Die Aktion der Journalisten hat Lücken in den Sicherheitsmaßnahmen aufgezeigt. Das mussten die Leitung des Airports und das Nationale Büro zur Koordinierung der Terrorismusbekämpfung (NCTB) eingestehen. Die Reporter hatten das Flüssigbomben-Imitat problemlos bis nach London und von dort aus nach Washington im Handgepäck mitgenommen.

Der Trick: Sie hatten zunächst in einem Duty-Free-Shop auf dem Airport eine Flasche mit Alkohol gekauft und den Inhalt dann gegen Wasser als Imitat von Flüssigsprengstoff ausgetauscht. Danach legten sie die scheinbar unberührte Flasche erneut an der Kasse eines Zollfrei-Ladens der Kette «See Buy Fly» zum Kauf vor und ließen sie versiegeln.

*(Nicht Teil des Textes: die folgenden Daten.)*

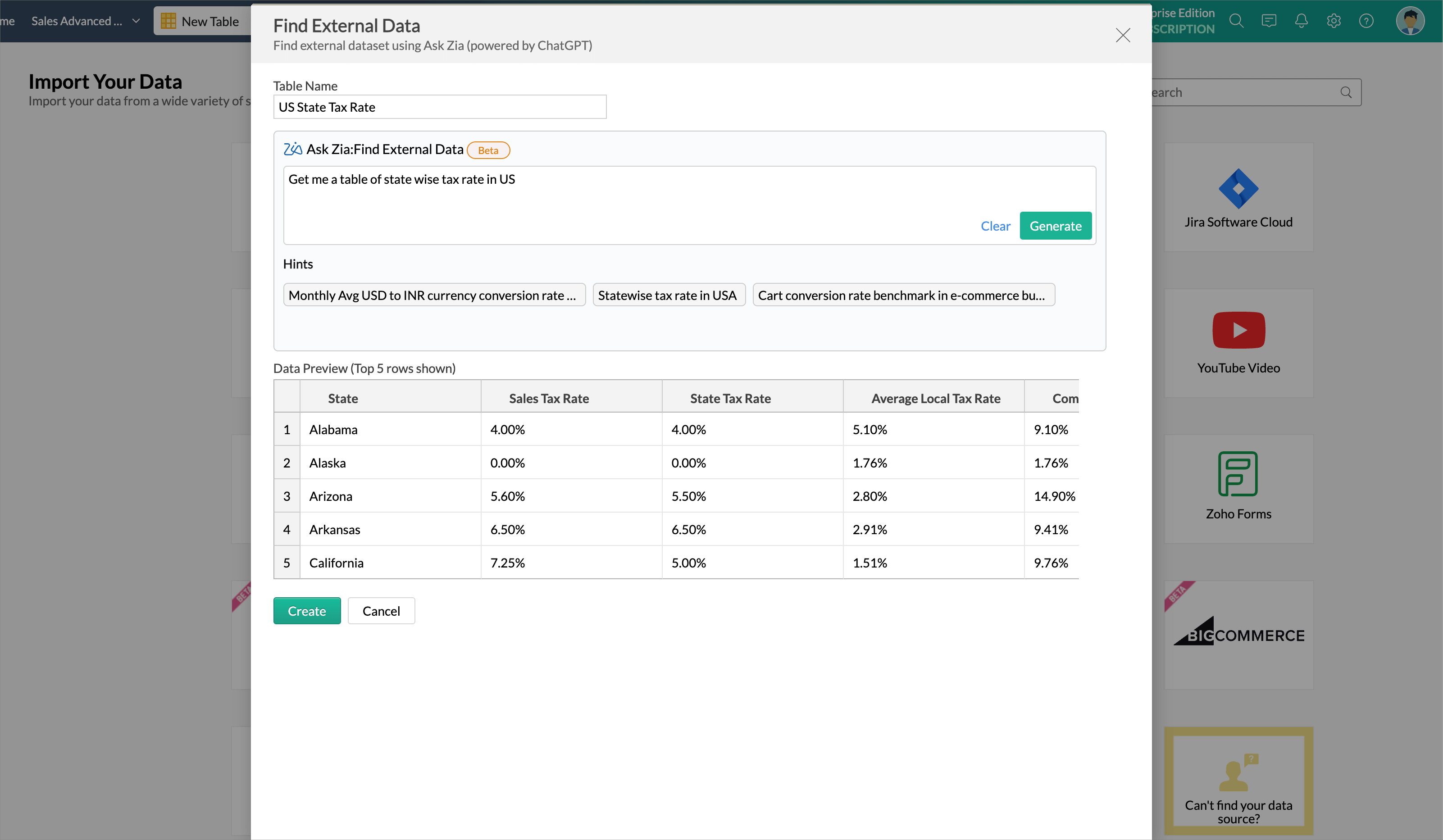 - Select Find External dataset using Ask Zia from the listed data sources.

Als sofortige Folge soll in Schiphol jetzt zusätzliches Personal zur Überwachung der Duty-Free-Shops eingesetzt werden. In anderen Geschäften werde der Verkauf von Flüssigkeiten ganz unterbunden, so ein Flughafen-Sprecher. Die Kontrolleure sollen vor allem darauf achten, dass kein Reisender von außen Behältnisse mit Flüssigkeiten in die Shops bringen und als dort gekaufte Ware in Sicherheitsverpackungen für den Flug versiegeln lassen kann.

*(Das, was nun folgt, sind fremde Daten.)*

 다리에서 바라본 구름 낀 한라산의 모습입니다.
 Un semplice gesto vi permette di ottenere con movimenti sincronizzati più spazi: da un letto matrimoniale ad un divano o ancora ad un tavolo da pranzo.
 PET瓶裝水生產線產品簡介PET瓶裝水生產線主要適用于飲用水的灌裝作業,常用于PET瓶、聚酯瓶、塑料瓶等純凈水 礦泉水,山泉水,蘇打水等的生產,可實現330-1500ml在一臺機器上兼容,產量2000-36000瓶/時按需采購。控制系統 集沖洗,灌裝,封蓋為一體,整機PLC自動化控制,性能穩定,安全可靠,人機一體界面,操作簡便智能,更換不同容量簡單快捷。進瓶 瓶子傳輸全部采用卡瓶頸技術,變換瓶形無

Geändert werden muss in Schiphol wahrscheinlich auch der gesamte Ablauf der Sicherheitskontrollen. Nach einer EU-Bestimmung aus dem Jahr 2005 werden Passagiere bei Flügen außerhalb der Schengen-Zone nicht vor dem Zutritt zum Terminal, sondern an den jeweiligen Einsteige-Gates kontrolliert – erst hinter den Duty-Free-Shops. Das hatte die Aktion der Journalisten möglich gemacht.